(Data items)

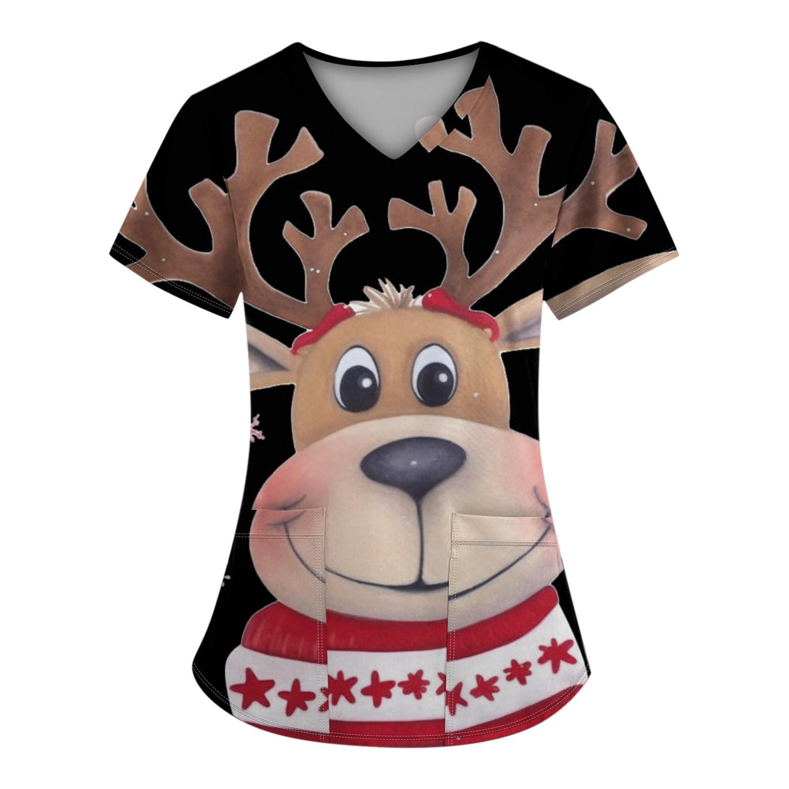 Женская рождественская печатная рабочая униформа с V-образным вырезом и карманом, защитная униформа XXL
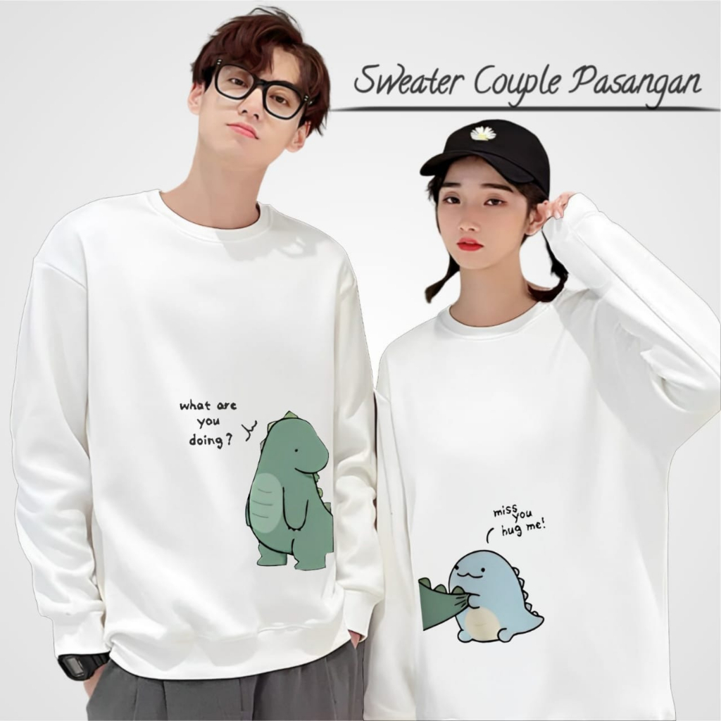 BAJU KAOS COUPLE PASANGAN PACAR DINO LENGAN PANJANG DISTRO MODEL SWEATER TERLARIS VIRAL KEKINIAN
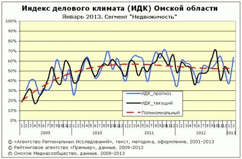 Индекс делового климата (ИДК) представляет собой усредненную экспертную оценку динамики состояния экономики (и ее сегментов), а также ожидаемых направлений развития рыночной ситуации. Индекс вычисляется на основе опроса экспертов. Значение ИДК может варьировать от 0% (полный спад) до 100% (бурное развитие). При интерпретации результатов замеров следует учитывать, что значения ИДК выше 50% соответствуют росту, а ниже 50% - падению соответствующих параметров. Очередной раунд построения ИДК выполнялся специалистами рейтингового агентства "Премьер" совместно с аналитиками Агентства Региональных Исследований путем опроса экспертов двух рыночных сегментов, моделирующих региональный рынок, - недвижимости и медиа.
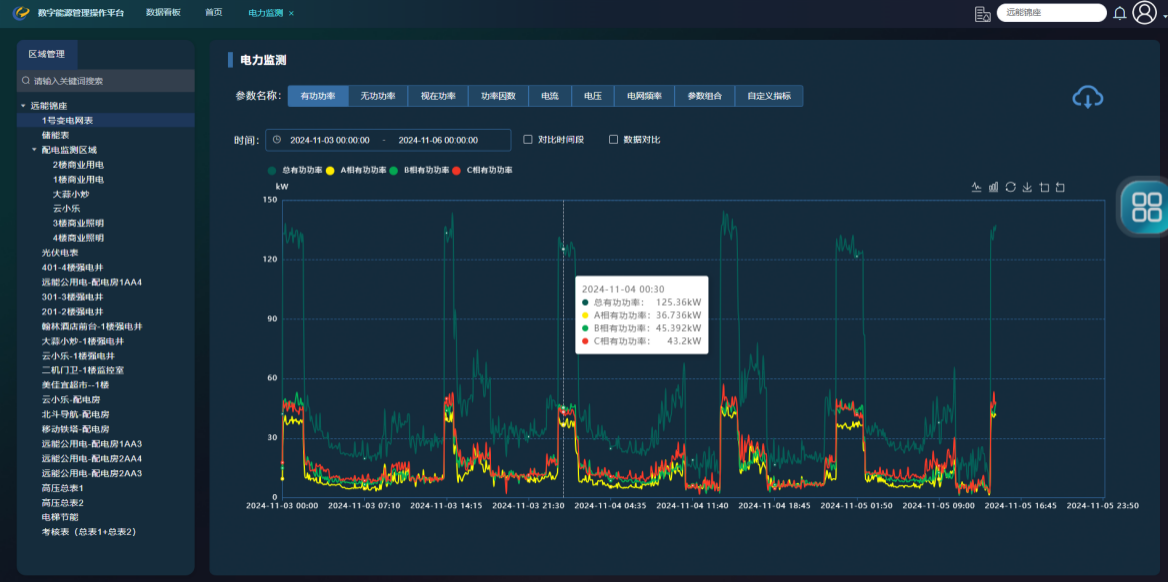 ·電力監(jiān)測:系統(tǒng)監(jiān)測電站站內(nèi)電能數(shù)據(jù),如有功功率、無功功率、視在功率、功率因素、電壓、電流、電網(wǎng)頻率曲線數(shù)據(jù)。通過實時電力監(jiān)測,可以準(zhǔn)確掌握電站的電力輸出情況,確保電力供應(yīng)的穩(wěn)定性和可靠性。
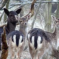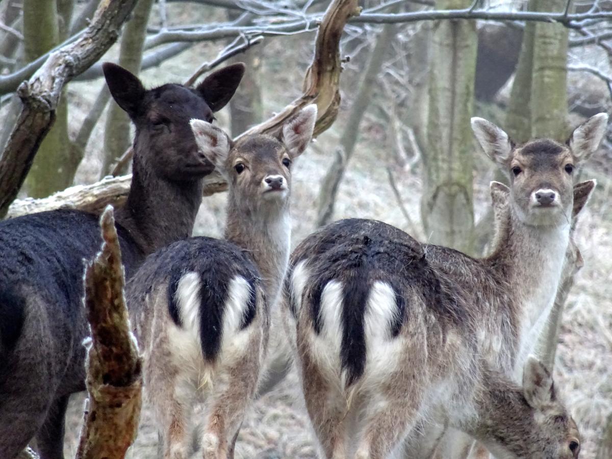 Hertjes op zoek naar eten na een nachtvorst, altijd een mooi moment als ze blijven staan in plaats van snel er vandoor te gaan.
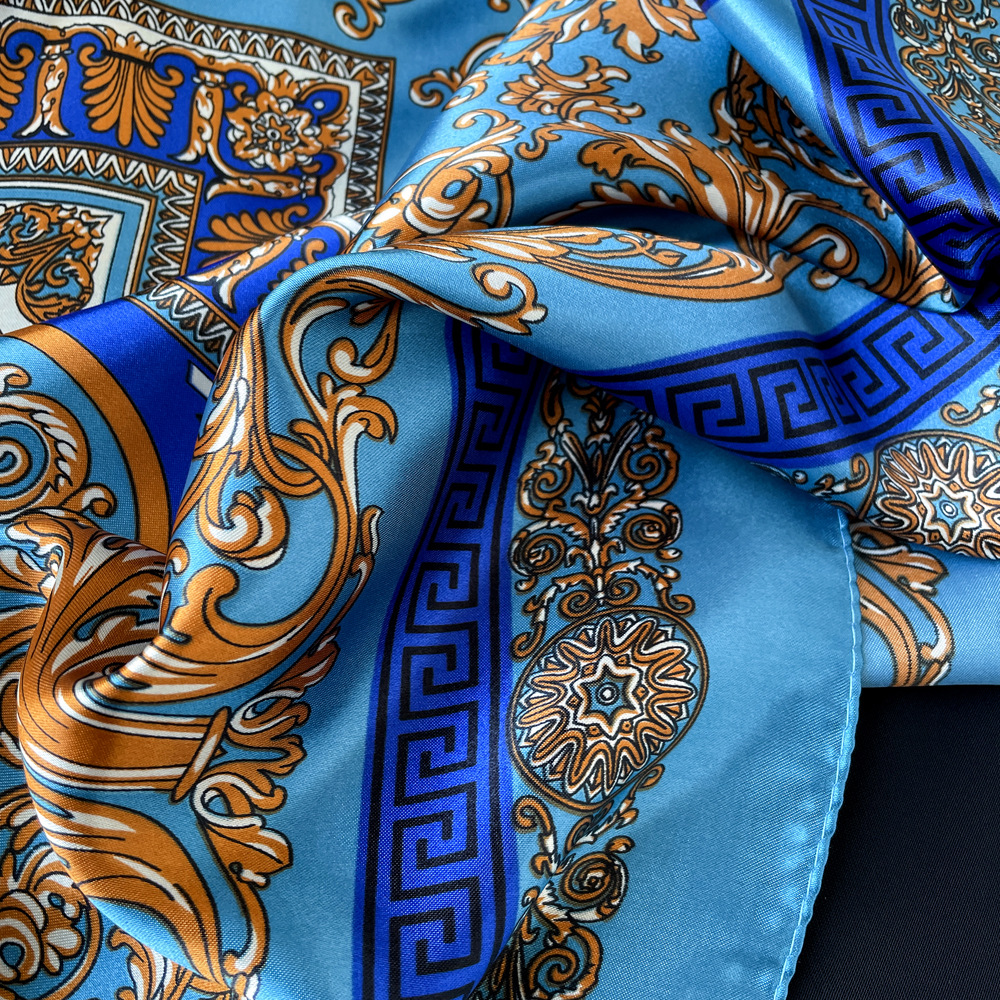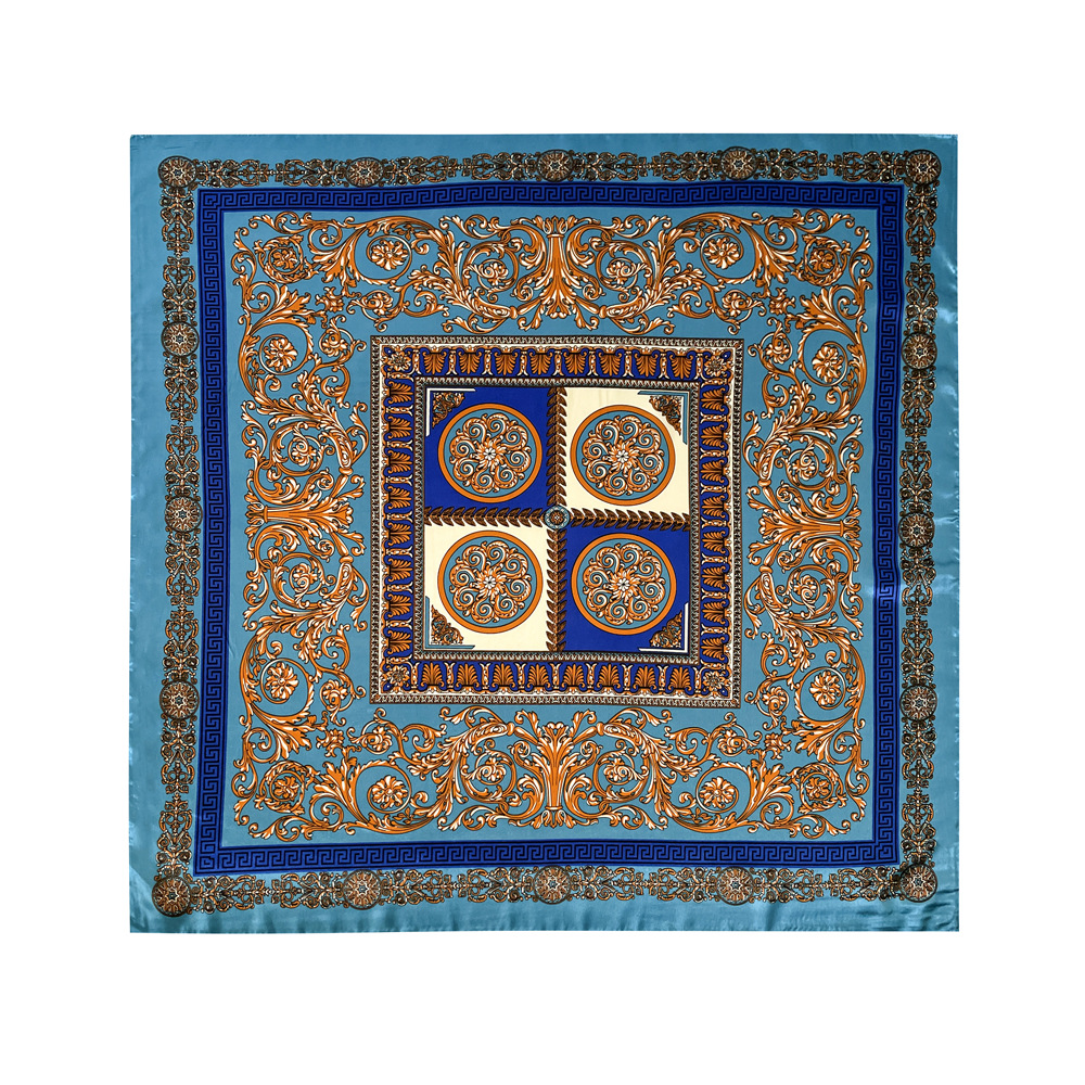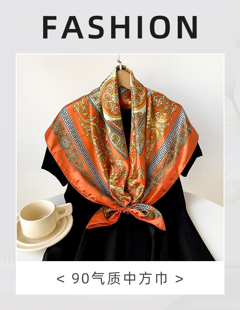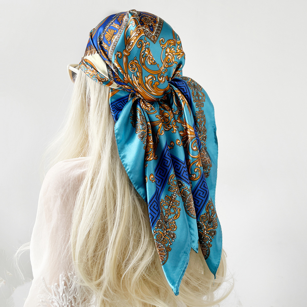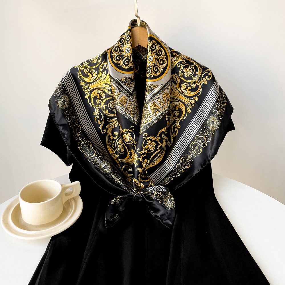 90*90cm 스카프 여성 대형 사각형 새 인쇄 복고풍 터번 국경 중동 새틴 스카프 도매
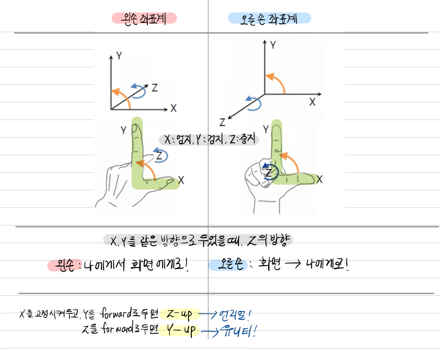 - 유니티: 왼손 좌표계 Y-up
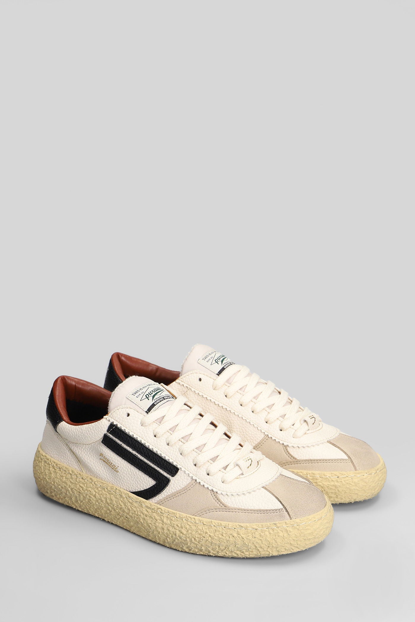 Sneakers in beige leather
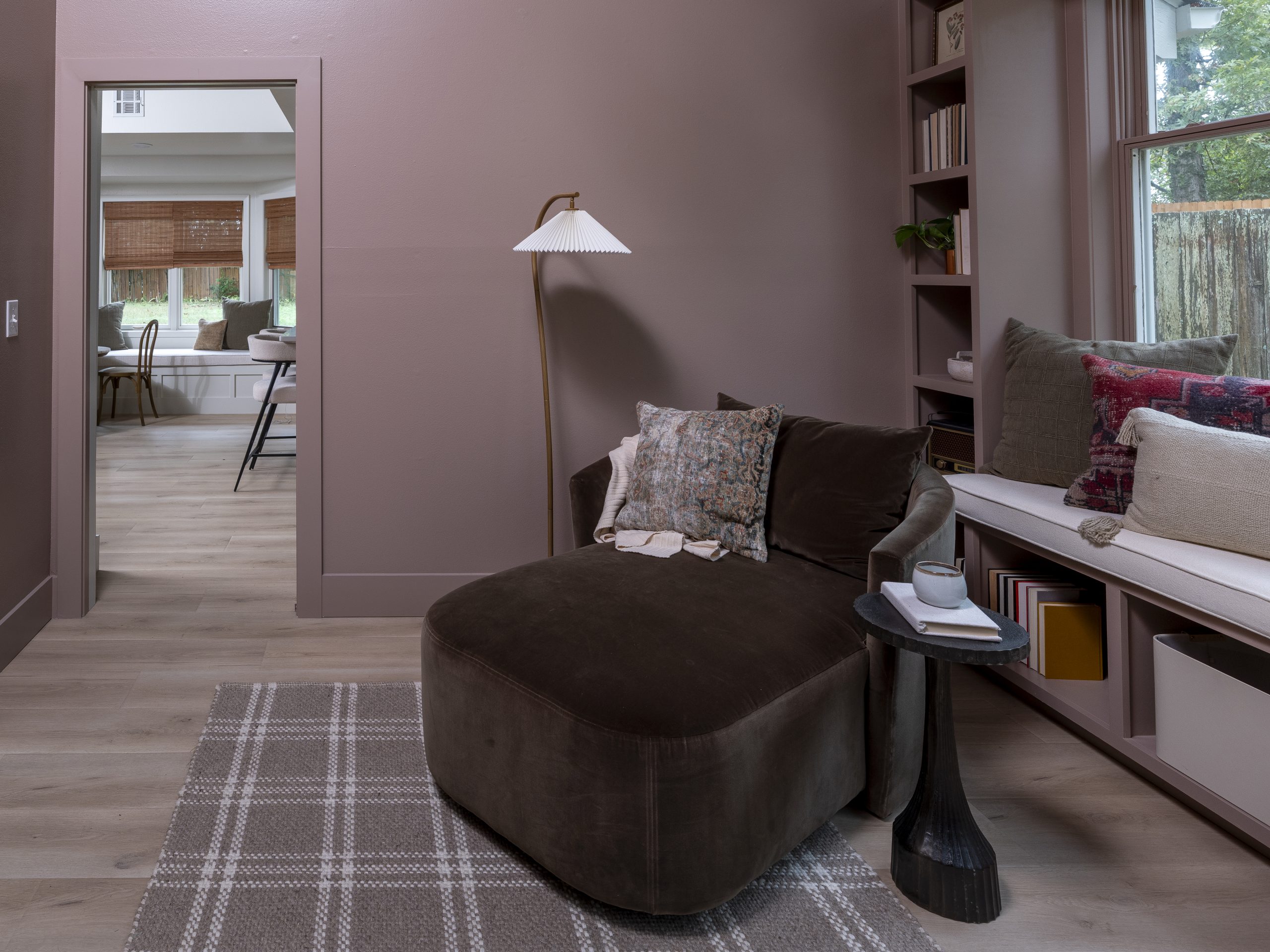 We replaced the slider that leads to the courtyard with a new energy-efficient one and painted the entire room (including the ceiling) a soothing blush pink. Of course, this space called for a cozy window seat and a beautiful chandelier.

Exercise requirements
Skip the pictures and reproduce all remaining entries exactly.

Output of the exercise
 Женская рождественская печатная рабочая униформа с V-образным вырезом и карманом, защитная униформа XXL
 BAJU KAOS COUPLE PASANGAN PACAR DINO LENGAN PANJANG DISTRO MODEL SWEATER TERLARIS VIRAL KEKINIAN
 Индекс делового климата (ИДК) представляет собой усредненную экспертную оценку динамики состояния экономики (и ее сегментов), а также ожидаемых направлений развития рыночной ситуации. Индекс вычисляется на основе опроса экспертов. Значение ИДК может варьировать от 0% (полный спад) до 100% (бурное развитие). При интерпретации результатов замеров следует учитывать, что значения ИДК выше 50% соответствуют росту, а ниже 50% - падению соответствующих параметров. Очередной раунд построения ИДК выполнялся специалистами рейтингового агентства "Премьер" совместно с аналитиками Агентства Региональных Исследований путем опроса экспертов двух рыночных сегментов, моделирующих региональный рынок, - недвижимости и медиа.
 ·電力監(jiān)測:系統(tǒng)監(jiān)測電站站內(nèi)電能數(shù)據(jù),如有功功率、無功功率、視在功率、功率因素、電壓、電流、電網(wǎng)頻率曲線數(shù)據(jù)。通過實時電力監(jiān)測,可以準(zhǔn)確掌握電站的電力輸出情況,確保電力供應(yīng)的穩(wěn)定性和可靠性。
 Hertjes op zoek naar eten na een nachtvorst, altijd een mooi moment als ze blijven staan in plaats van snel er vandoor te gaan.
 90*90cm 스카프 여성 대형 사각형 새 인쇄 복고풍 터번 국경 중동 새틴 스카프 도매
 - 유니티: 왼손 좌표계 Y-up
 Sneakers in beige leather
 We replaced the slider that leads to the courtyard with a new energy-efficient one and painted the entire room (including the ceiling) a soothing blush pink. Of course, this space called for a cozy window seat and a beautiful chandelier.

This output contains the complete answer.